水というのは偉大だ。飲むだけでこんなにも気力が復活した。きっとLifeSpanの数値も100%に戻っているに違いない。

俺は視界の右上を確認した。


<LifeSpan60%>


何ということか、回復するどころか最後に確認した時より12%も減っている。

ゾンビに水は良くなかっただろうか...?


「その...俺の親父...パーパのことなんだが...みっともないよなあ」


「ン゛?」


「あいつはな、ちょっと前までは...群れの女全員に再婚を頼み込んでたんだ」


は?初っ端話がクレイジーすぎてよくわからない...


「ちょっと前にお袋が死んでな。

当然ジージョやサブロは悲しむわけだ。


それで新しく弟や妹ができればそれも紛れるんじゃないかって...あいつの考えてたのはそういうことだろ。


...でも、全員がそれを断った。

そりゃあよ、あいつが一番お袋のことを愛してたってみんなわかってんだ。

本当はそう簡単に割り切れるもんじゃないはずだってわかってる。だから親父...族長の心の整理が本当につくまでは、族長に夫人を裏切らせるような真似はできないってな。


だけどそんな時、あの人間の女が現れやがった。

でも、人間とオオカミじゃあ子供ができるわけないだろ、御伽噺じゃねえんだから。

なのにあんなことしやがって...あいつは頭がおかしくなっちまった。」


じゃあパーパは人間に子供を産ませるためにあの女の人を襲ったということなのか...?

なんかちょっと違う気がする...

例のステータス画面には、そんなお話の中のオークやゴブリンみたいなことは書かれていなかったし。
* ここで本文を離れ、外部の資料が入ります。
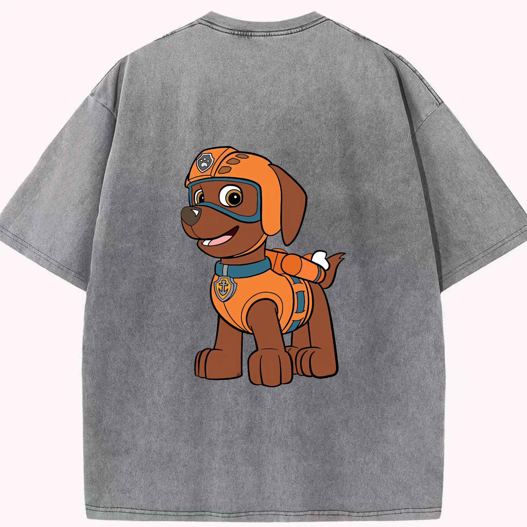 パウ・パトロール グッズ ズーマ - 綿100% ヴィンテージ風 半袖Tシャツ ・ フロントプリント ・ 柔らか肌触り ・ 通気性 快適 ・ スポーツ カジュアル 外出用
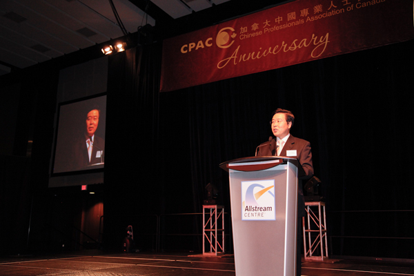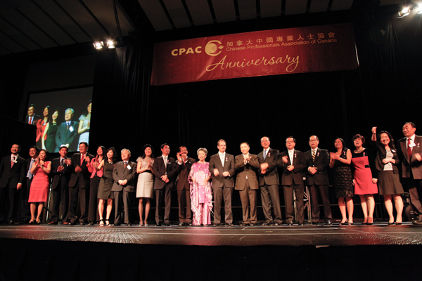 CPAC说,20年来,CPAC已取得了飞速的发展,积淀了深厚的经验,成为拥有两万七千名会员的加拿大最大的华人专业社团之一,为移民人士提供全方位服务。CPAC自1992年成立以来,得到加拿大三级政府的广泛关注和大力支持。在昨晚的庆典晚宴上,加拿大联邦总理哈珀、安大略省省长麦坚迪、安省公民及移民厅长Charles Sousa、安省旅游及文化厅长陈国治、中国驻加拿大大使章均赛均致函表彰加拿大中国专业人士协会20年来积极为海外受训专业人士、新移民及其家庭所做出的重要贡献并热烈庆贺CPAC成立20周年。前参议员利德蕙、参议员Asha Seth、国会议员梁中心、Bob Dechert、詹嘉礼、John McCallum、中国驻多伦多总领事馆总领事房利、副总领事吴冬梅、张美芳、市议员李振光、 何胡景、陈志辉、杨士淳、香港驻多伦多经济贸易办事处处长卢洁玮、助理处长萧显扬等参加了昨晚的盛会;两个远道而来的中国代表团——中国山东省人力资源及社会保障厅和中国个体劳动者(私营企业)协会代表团也参加了晚宴;中国丹阳市政府也发来了祝贺函。“加中文化大使”、著名的“洋笑星”大山先生(Mark Rowswell)还为CPAC发来了一段祝福视频。
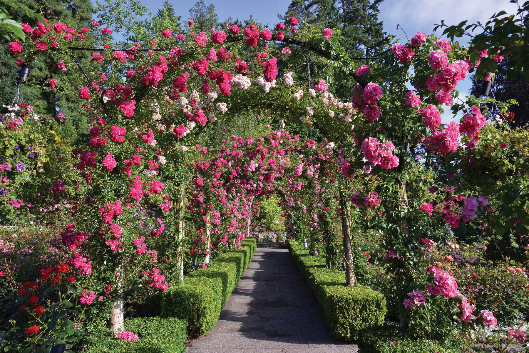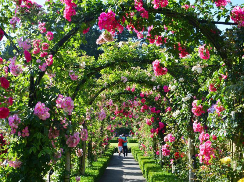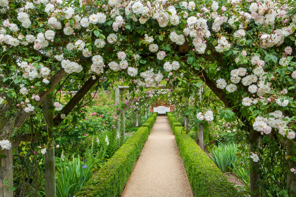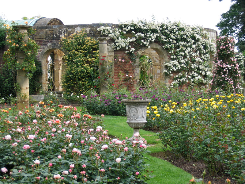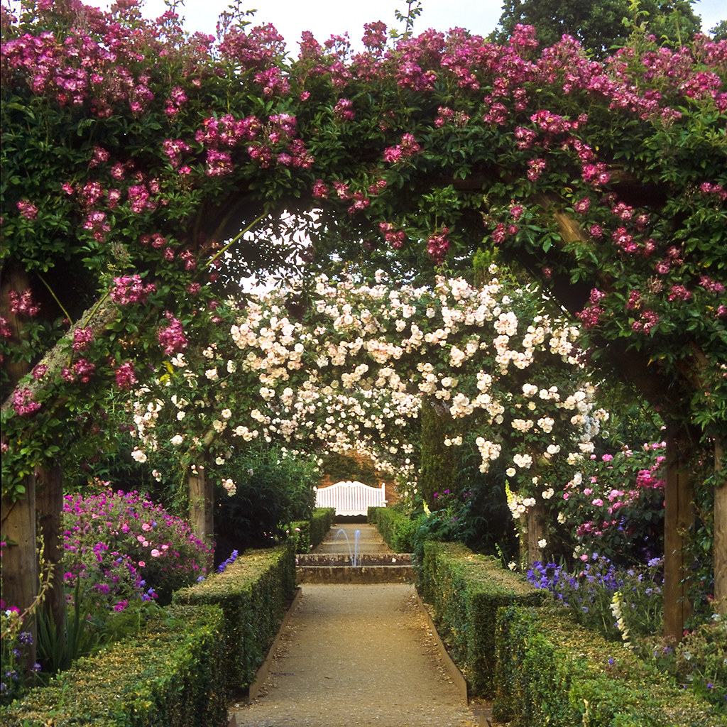 Flowers in this area include a multitude of different roses, including climbing, floribunda, grandiflora, hybrid tea, polyantha, shrub, damask, miniature, and more. They will be organized in waves of colors and separated with boxwood shrubs.
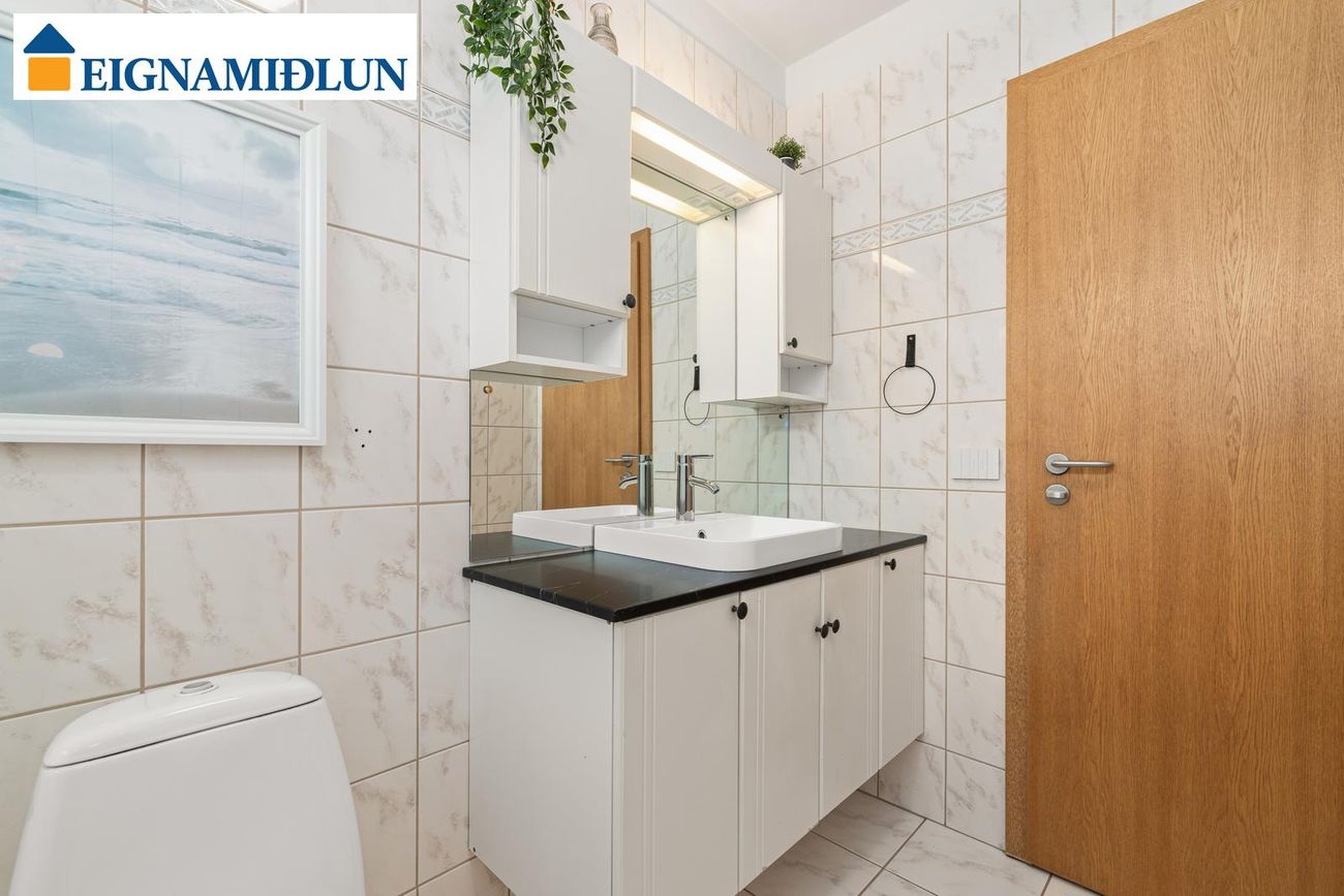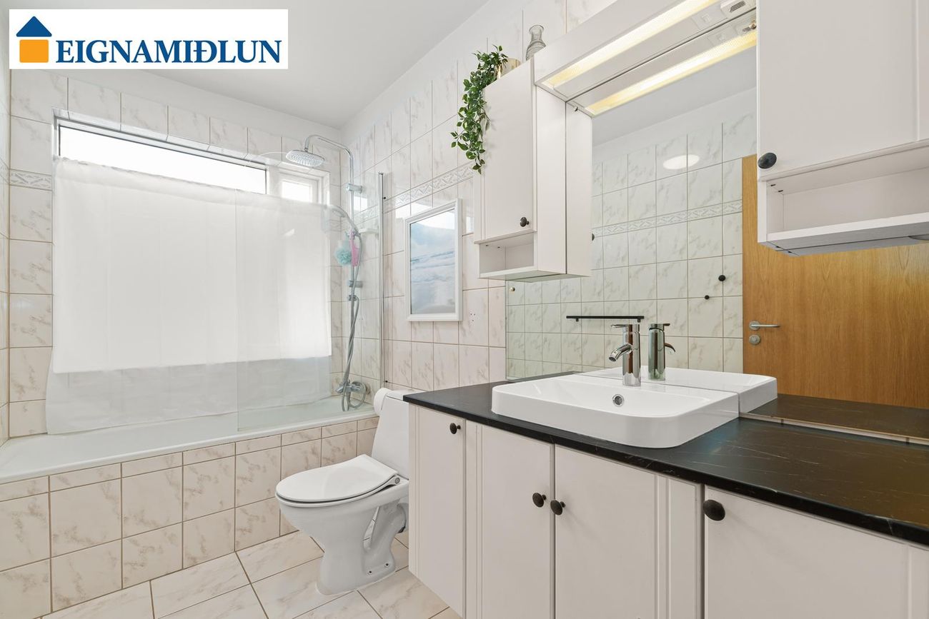 Baðherbergi: Flísalagt í hólf og gólf með salerni, innréttingu og baðkari með sturtuaðstöðu. Góður gluggi.
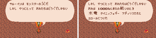 見るからに危険なサンストーンに怖いもの知らずのフレイムタイラントもさすがに一抹の不安がよぎったが、相手はモンスターの父サルーイン・・・逆らうことはできず、しぶしぶ差し出されたサンストーンを飲み込むことにした。
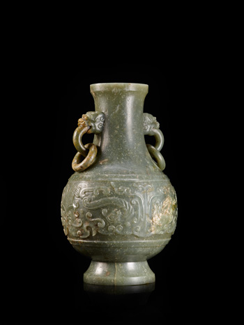 類似器: 北京故宮博物院藏有一件清乾隆〈和闐青玉獸耳活環 壺〉,觀其整體風格與本拍品極其雷同,詳見:李久芳主 編,《中國玉器全集‧6‧清》,台北:錦繡出版事業, 1994年,頁125。
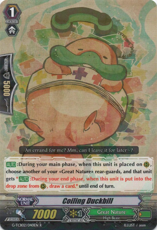 | [AUTO]:During your main phase, when this unit is placed on (RC), choose another of your «Great Nature» rear-guards, and that unit gets "[AUTO]:During your end phase, when this unit is put into the drop zone from (RC), draw a card." until end of turn. |
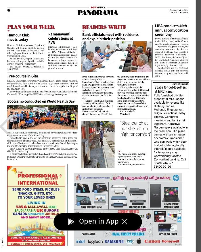 Press release by The Hindu Downtown (Mylapore) – Published in Page 6 – April 14, 2024
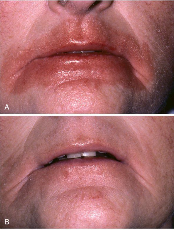 . A, Candidal infection of the perioral skin caused by use of a petrolatum-based product. The condition started as angular cheilitis, but the patient continuously applied petroleum jelly to the corners of the mouth and perioral skin, sealing moisture into the keratin layer of the epidermis, thereby allowing the candidal organisms to thrive. B, Two weeks after discontinuing the petroleum jelly and using topical iodoquinol with triamcinolone.
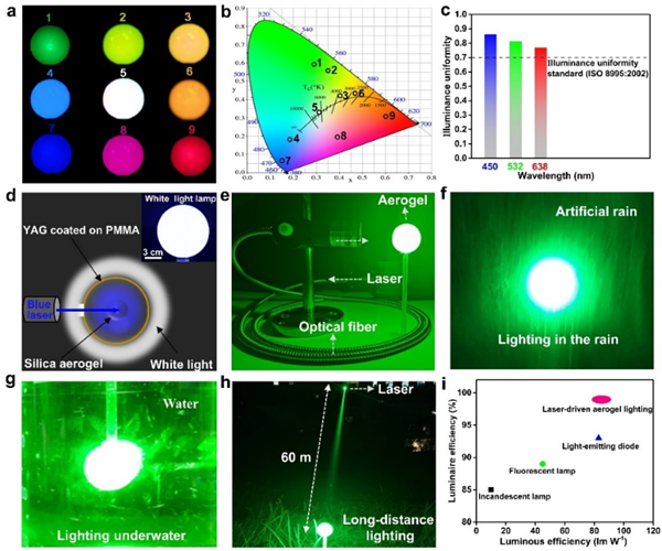 精細調(diào)控的氧化硅氣凝膠可用于不同波長的激光散射。作者基于三基色激光器和商業(yè)熒光粉實現(xiàn)了包括白光在內(nèi)的任意顏色照明,并且照度均勻度高于國際標(biāo)準(zhǔn)化組織對室內(nèi)工作場所照明的要求。由于氣凝膠的超疏水性和激光的準(zhǔn)直性,其可進一步應(yīng)用于雨中、水下和遠距離非接觸式激光驅(qū)動照明,也可利用光纖實現(xiàn)激光跨越障礙物照明。
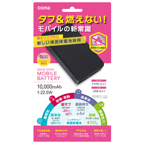SSLCM50-CCBK準固体モバイルバッテリー 5000mAh 22.5W ブラック -
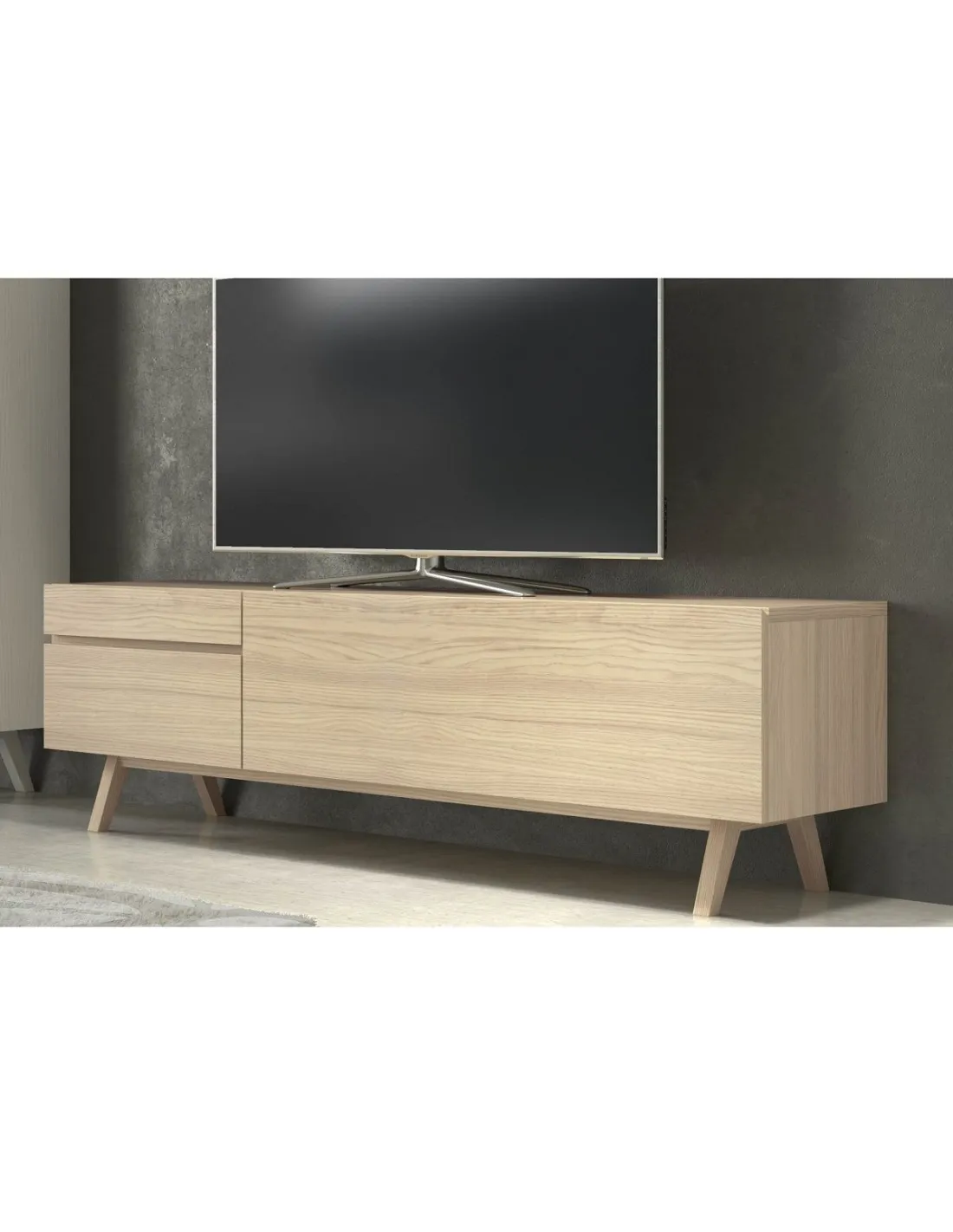 Mueble tv de diseño nórdico en madera maciza de pino con 180 cm. de largo
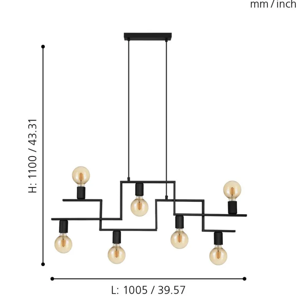 Eglo FEMBARD hanglamp staal zwart H: 1100 mm

だけれど確かにあの取り憑かれたような目は、"頭がおかしくなっちまった"という表現が最も合うと思った。


「だから、あいつの鼻っ面を噛みちぎってでも目を覚まさせたい」

タウロはここまで怒りと諦めの含んだような喋り方をしていたが、実際にはそうではなかった。


「あんたに協力してほしいんだ、頼む」


タウロの真剣な瞳を見て、

俺は「もちろんだ」と言うつもりで、深く頷いた。